Work to complete ▸ Transcribe exactly the lines below that begin at the line with "The bag is made" and stop after the line with "These paintings are", leaving out every picture.

Given records ▸
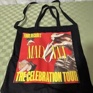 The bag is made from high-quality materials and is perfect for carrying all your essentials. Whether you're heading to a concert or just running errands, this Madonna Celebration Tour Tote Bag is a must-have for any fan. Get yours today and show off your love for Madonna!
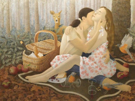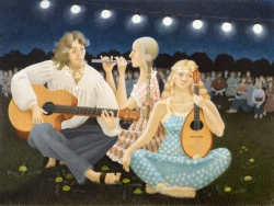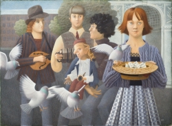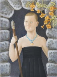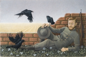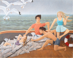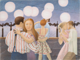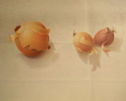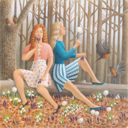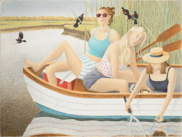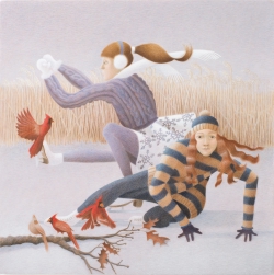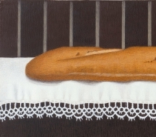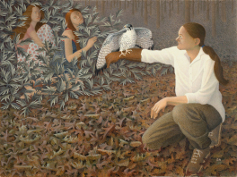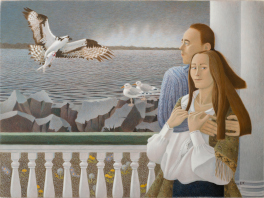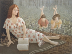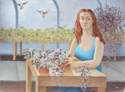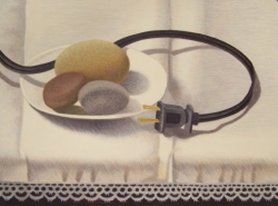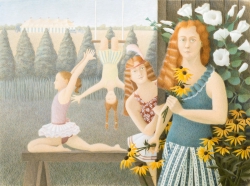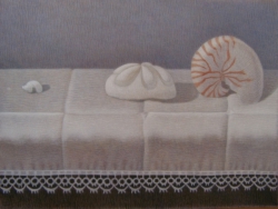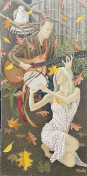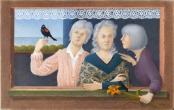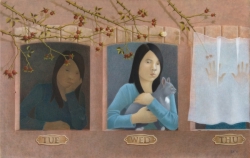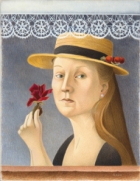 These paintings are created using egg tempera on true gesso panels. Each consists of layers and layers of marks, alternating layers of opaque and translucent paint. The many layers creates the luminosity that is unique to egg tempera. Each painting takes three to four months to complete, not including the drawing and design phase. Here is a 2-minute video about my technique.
...
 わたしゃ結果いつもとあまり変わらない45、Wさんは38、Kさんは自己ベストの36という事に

Result of this task ▸
 The bag is made from high-quality materials and is perfect for carrying all your essentials. Whether you're heading to a concert or just running errands, this Madonna Celebration Tour Tote Bag is a must-have for any fan. Get yours today and show off your love for Madonna!
 These paintings are created using egg tempera on true gesso panels. Each consists of layers and layers of marks, alternating layers of opaque and translucent paint. The many layers creates the luminosity that is unique to egg tempera. Each painting takes three to four months to complete, not including the drawing and design phase. Here is a 2-minute video about my technique.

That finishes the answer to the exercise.